If you have gear full fuel and two adults I just think its asking an awful lot of a 9.9 to get you up on plane. if you're not comfortable with going above the max rating then put a 15 on it. I've never heard anyone say they wish they had less HP its always, I wish I had a little more HP. Safety first we have to be responsible regardless of HP. _


----------



## ggoldy (Nov 14, 2013)

Thank you Dave. That's 3 yes, 1 maybe. I wish someone made a 12 horse. And 150 pounds? Lmao Haven't weighed that since high school!


----------



## DrNip (Nov 15, 2013)

I would think it would depend on which 1436 you decide to go with. Tracker is only .05 and 15.5" rated at 15 HP transom whereas Weld-Craft is .08 and 19" transom rated at 25 HP. I would definitely try to go with the max HP the boat is rated for and you should have no problem planing.

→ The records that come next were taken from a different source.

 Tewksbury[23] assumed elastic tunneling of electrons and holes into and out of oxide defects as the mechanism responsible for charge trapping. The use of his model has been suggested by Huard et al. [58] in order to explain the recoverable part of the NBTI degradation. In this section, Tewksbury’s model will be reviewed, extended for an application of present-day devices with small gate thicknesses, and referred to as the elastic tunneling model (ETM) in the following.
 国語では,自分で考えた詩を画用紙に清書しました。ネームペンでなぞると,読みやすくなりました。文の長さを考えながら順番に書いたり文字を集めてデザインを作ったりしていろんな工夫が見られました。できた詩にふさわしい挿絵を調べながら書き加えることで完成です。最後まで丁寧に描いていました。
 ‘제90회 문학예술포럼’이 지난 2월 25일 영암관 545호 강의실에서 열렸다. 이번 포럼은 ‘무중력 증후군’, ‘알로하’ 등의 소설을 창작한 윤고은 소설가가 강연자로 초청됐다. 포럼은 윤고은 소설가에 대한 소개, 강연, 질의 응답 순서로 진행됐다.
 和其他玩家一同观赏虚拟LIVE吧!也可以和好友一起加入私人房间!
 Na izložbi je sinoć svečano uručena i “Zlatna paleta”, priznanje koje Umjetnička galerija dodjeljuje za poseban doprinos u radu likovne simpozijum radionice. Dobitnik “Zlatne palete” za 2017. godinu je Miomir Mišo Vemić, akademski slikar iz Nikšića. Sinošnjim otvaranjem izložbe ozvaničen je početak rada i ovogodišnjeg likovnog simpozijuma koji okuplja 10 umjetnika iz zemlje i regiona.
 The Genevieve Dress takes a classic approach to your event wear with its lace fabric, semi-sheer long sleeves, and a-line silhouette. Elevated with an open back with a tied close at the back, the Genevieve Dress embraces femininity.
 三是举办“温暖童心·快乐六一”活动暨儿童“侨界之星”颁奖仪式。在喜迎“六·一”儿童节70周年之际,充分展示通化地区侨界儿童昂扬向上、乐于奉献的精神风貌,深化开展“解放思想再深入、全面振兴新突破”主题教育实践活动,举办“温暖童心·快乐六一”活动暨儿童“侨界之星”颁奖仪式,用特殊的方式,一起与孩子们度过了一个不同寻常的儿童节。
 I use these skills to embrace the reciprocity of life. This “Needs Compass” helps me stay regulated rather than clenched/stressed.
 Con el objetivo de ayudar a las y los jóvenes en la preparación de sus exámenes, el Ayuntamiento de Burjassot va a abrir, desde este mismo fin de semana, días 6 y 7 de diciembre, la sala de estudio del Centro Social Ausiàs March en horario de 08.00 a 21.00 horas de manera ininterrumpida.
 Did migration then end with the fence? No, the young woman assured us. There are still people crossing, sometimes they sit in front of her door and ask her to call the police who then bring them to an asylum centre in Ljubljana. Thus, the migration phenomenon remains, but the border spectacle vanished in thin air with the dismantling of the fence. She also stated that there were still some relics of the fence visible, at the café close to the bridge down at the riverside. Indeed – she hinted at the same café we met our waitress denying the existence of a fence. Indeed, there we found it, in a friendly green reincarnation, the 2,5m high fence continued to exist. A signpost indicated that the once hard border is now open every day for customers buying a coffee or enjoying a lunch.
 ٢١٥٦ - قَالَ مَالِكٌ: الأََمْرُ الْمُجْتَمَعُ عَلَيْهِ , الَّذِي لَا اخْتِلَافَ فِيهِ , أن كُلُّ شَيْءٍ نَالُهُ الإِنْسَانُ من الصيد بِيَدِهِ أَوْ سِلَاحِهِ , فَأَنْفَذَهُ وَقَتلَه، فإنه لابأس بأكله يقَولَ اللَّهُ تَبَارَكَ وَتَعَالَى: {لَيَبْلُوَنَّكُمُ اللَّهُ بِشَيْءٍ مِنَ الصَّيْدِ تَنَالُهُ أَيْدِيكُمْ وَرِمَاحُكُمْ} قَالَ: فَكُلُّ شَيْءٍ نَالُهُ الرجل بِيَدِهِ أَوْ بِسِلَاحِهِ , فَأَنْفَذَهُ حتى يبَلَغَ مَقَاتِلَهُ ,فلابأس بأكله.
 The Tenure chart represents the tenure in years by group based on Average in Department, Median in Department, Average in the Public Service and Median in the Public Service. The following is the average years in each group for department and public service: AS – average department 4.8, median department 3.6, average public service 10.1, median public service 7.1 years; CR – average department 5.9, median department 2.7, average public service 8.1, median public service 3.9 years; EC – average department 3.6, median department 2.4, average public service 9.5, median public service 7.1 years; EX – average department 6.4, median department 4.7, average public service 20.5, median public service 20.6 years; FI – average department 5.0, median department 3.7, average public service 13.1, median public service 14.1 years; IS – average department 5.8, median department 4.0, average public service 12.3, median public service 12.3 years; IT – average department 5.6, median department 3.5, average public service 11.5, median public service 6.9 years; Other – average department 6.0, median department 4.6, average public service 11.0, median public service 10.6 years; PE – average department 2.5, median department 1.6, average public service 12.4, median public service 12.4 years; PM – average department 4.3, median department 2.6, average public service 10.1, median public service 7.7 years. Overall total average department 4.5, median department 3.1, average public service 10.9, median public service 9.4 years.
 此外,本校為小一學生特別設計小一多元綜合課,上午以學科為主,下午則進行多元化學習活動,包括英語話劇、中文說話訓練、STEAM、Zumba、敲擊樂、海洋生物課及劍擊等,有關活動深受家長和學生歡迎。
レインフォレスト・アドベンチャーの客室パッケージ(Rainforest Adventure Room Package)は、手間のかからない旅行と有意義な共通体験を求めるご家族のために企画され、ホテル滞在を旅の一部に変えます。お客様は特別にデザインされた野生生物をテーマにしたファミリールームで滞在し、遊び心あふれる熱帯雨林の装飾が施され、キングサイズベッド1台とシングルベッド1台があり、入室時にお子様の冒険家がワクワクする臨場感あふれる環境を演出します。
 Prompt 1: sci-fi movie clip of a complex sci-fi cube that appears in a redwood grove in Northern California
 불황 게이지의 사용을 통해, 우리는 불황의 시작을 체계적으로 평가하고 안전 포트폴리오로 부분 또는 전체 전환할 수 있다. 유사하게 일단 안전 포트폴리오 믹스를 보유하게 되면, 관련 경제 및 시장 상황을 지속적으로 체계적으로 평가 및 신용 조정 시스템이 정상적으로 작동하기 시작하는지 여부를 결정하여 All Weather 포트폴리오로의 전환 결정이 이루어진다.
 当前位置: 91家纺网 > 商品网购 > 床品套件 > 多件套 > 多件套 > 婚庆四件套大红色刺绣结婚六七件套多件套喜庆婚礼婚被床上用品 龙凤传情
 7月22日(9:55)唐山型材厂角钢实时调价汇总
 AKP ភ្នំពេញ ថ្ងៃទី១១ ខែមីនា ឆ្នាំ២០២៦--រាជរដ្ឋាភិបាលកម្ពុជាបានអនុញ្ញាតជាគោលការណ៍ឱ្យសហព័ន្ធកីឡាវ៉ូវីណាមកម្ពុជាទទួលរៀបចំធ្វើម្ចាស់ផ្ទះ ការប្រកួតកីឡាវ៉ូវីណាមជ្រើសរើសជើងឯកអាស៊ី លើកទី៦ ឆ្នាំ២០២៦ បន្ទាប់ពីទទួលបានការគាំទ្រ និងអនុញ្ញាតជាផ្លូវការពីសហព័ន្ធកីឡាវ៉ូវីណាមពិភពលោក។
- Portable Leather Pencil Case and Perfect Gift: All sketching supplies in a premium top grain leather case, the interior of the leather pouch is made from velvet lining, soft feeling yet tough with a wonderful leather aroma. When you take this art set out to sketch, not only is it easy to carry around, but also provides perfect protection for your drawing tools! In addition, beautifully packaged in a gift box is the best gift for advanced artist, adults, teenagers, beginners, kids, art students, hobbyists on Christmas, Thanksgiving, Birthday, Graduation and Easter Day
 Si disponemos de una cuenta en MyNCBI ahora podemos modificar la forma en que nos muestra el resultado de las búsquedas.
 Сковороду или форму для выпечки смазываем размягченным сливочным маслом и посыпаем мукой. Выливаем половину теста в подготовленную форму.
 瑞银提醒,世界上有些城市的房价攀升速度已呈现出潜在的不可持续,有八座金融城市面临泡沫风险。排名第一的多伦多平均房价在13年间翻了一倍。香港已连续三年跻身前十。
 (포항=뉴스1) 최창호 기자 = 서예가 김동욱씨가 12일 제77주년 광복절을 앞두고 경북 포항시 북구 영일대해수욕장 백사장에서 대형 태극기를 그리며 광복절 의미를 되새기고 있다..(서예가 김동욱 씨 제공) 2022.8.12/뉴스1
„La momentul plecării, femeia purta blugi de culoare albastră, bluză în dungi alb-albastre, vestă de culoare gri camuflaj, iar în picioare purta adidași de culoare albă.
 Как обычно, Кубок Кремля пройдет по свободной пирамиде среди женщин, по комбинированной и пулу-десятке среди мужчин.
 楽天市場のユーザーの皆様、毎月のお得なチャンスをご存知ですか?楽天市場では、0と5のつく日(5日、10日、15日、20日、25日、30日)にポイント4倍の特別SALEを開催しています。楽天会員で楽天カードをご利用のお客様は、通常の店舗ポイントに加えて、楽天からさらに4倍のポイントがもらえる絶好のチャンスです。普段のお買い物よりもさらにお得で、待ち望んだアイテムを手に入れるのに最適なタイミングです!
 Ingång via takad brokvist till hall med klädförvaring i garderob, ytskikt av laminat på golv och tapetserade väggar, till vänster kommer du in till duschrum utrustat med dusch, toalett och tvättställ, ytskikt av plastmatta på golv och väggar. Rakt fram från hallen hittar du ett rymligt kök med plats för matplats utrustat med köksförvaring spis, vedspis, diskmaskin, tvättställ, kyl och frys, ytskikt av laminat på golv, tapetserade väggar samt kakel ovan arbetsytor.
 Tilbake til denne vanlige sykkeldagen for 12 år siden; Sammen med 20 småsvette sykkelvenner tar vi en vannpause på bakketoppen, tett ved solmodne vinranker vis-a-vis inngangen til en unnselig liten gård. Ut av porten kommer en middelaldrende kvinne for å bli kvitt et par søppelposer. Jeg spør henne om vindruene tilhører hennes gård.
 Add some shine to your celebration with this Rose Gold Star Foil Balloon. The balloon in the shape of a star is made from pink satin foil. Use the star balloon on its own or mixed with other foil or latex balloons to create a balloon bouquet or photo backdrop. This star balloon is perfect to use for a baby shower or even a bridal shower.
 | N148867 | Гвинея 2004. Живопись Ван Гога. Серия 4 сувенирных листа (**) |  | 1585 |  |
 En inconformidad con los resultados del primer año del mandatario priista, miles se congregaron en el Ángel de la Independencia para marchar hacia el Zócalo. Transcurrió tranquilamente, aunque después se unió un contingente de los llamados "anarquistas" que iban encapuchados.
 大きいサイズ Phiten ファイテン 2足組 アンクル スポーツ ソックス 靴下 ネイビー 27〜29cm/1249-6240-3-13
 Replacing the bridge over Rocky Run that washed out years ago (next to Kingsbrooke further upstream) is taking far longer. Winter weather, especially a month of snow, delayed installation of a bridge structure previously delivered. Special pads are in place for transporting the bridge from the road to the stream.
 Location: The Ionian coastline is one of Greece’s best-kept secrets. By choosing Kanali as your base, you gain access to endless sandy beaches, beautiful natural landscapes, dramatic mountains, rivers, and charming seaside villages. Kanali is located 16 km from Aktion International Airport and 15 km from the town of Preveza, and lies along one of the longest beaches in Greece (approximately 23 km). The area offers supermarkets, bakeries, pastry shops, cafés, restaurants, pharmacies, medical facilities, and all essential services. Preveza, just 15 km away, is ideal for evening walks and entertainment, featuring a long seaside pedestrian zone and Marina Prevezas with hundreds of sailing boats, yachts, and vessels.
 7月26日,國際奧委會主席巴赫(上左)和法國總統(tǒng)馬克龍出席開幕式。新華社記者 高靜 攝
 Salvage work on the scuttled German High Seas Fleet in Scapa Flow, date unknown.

Personally I would go with at least a 15 HP on no matter which make of 1436 you decide to go with.


----------



## SumDumGuy (Nov 15, 2013)

most of the 15hp motors weigh the same as their 10hp brothers. 

$.02


----------



## Country Dave (Nov 16, 2013)

[url=https://www.tinboats.net/forum/viewtopic.php?p=334559#p334559 said:


> SumDumGuy » Yesterday, 21:21[/url]"]most of the 15hp motors weigh the same as their 10hp brothers.
> 
> $.02



_Hey thanks SDG,

Good info to know. _


----------